Le visite, che si terranno presso il piano rialzato e il 1° piano del Polo di San Cesario di Lecce, dalle 8 alle 13, dovranno essere prenotate al numero 0832.215763 (dalle ore 9alle ore 12,30) oppure inviando una e-mail a: dipriab@asl.lecce.it.


La Malattia di Parkinson è una patologia neurodegenerativa progressiva del sistema nervoso centrale, caratterizzata dalla presenza di sintomi motori quali bradicinesia, rigidità e tremore. L’evoluzione naturale è caratterizzata da una progressiva disabilità, con disturbi della marcia, alterazioni della postura, disturbi dell’equilibrio, che sono responsabili d’inattività, perdita d’indipendenza, elevato rischio di cadute e traumi con complicanze ortopediche, internistiche e ricoveri ospedalieri, determinando un crescente impegno assistenziale.


Inoltre, sono presenti sintomi non motori quali deficit cognitivi, sintomi neuropsichiatrici, disautonomia.

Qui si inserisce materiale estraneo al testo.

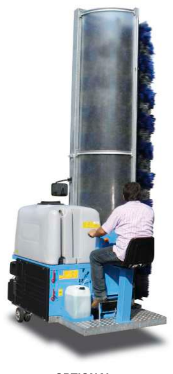
OPTIONAL: With seat for operator on board

Si tratta, pertanto, di una patologia ad alta complessità di cura che richiede una presa in carico da parte di team multidisciplinari.


Le ricadute sociali sono legate al coinvolgimento sempre più frequente di persone sotto i 50 anni e al previsto raddoppio del numero dei casi entro il 2030, in rapporto al crescente invecchiamento della popolazione. Infatti, la demografia e i sottoprodotti dell’industrializzazione stanno creando un incremento dei parametri epidemiologici della MdP che richiederà una pianificazione mirata degli interventi assistenziali. Un approccio ottimale mira al raggiungimento di una terapia personalizzata e a una presa in carico riabilitativa globale della persona e della sua famiglia nelle diverse fasi evolutive.


Negli ultimi anni, c’è stato un incremento delle evidenze scientifiche sui benefici dei trattamenti sulle performance motorie, in particolare sui “sintomi assiali” (cammino, equilibrio e controllo posturale), che non sono modificabili dalla terapia farmacologica.


L’efficacia del trattamento motorio standard può essere incrementata da un training con device computerizzati che permettono ai sanitari di obiettivare i risultati delle sedute e alle persone con malattia di Parkinson di valutare in tempo reale o post esercizio le proprie performances per poi cercare di migliorarle nelle sedute successive.


IL PROTOCOLLO D’INTESA


Al termine della mattinata sarà presentato il protocollo d’intesa siglato da Asl di Lecce, Associazione Parkinson Salento, Fondazione di Comunità del Salento e Fondazione Francesca Massa.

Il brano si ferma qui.